In education, as in a lot of other fields, employers are looking for ways to get work done more cheaply and with more flexibility. They don’t want to have permanent staff, and are relying increasingly on casual labour. For workers, this means less job security, less pay, and fewer benefits.

Here at Trent, all academic workers who aren’t full-time professors are represented by Canadian Union of Public Employees (CUPE) Local 3908. The union gives workers, who are not only underpaid and undervalued but also often invisible, a presence in campus politics.

So who are these workers? And how does their presence on campus change the educational experience?

Contract faculty are people who are hired on a course-by-course basis to teach at the university, unlike permanent faculty, who are employed full-time on an on-going basis. Contract faculty are paid less and have to re-apply for every course they teach, even if they’ve been teaching it for ten years.

Because of the labour market, and also because of rules limiting their employment, contract faculty often teach at more than one university at a time, commuting between up to four different campuses in different cities every week in order to make enough money to live on and support a family.

It’s a common assumption that contract faculty are young people who are starting on their career and are teaching on contract while they wait for a permanent position to open up. Sometimes that’s true, but it’s not necessarily the case.

In fact, many contract faculty at Trent have spent their entire careers teaching university courses. Some combine teaching with some other professional or community activity, and others are teaching after retiring from another career. Contract faculty are a diverse bunch with lots of different stories of how they got into education and why they do it.

On the other hand, Teaching Assistants (TAs) are mostly graduate students, studying either towards a master’s or doctoral degree. As part of their funding, they work for the university providing teaching support, usually in the form of leading discussions and marking assignments. TAs are hired as part of their admission to grad school, and are assigned courses each term.

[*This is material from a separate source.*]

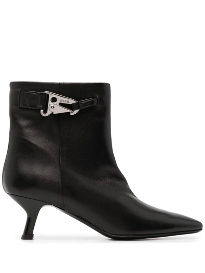 leather, metal applications, brand logo, solid colour with appliqués, leather backing, square toeline, geometric heel, leather sole, contains non-textile parts of animal origin, ankle boots , Color: Black , Size: 9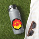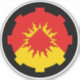 "Per chevron gules and or, a sun counterchanged within a bordure embattled sable."

Although some people are in graduate school for a long time, generally universities only fund students for the first few years of the degree. After that they sometimes work as contract instructors, so there can be overlap between the two groups.

Over the past few years, universities have lost a lot of permanent faculty to retirements, and haven’t replaced them. At Trent, entire new programs and schools have been added without hiring any new permanent faculty. The university relies more and more on contract faculty to teach students.

Because contract faculty often teach at more than one school, it can be hard to build a sense of community. It’s not easy to establish relationships with students, to engage in extra-curricular activities, to generally be a citizen of the department or school. More and more those tasks are falling on contract faculty, or not happening at all.

With an increasing amount of teaching staff at universities in precarious employment, the public voice of faculty is a lot quieter. Universities have historically been places of critical engagement, places where social movements thrive, but casualization, by putting everyone’s job always on the line, makes everyone more cautious.

On the positive side, casualization breaks down a lot of the barriers between faculty and students, and professors and other workers that have historically divided universities. As more students and workers experience the butt-end of casualization, our shared sense of grievance and our belief that things should be different brings us together.

Back when universities were primarily staffed by permanently faculty, when students studied full-time in preparation for a career in permanent employment, contract faculty were a quiet exception; now that precarious employment is the norm, when students work part-time during school, contract faculty are being noticed as the new face of university teaching and a growing force in campus politics.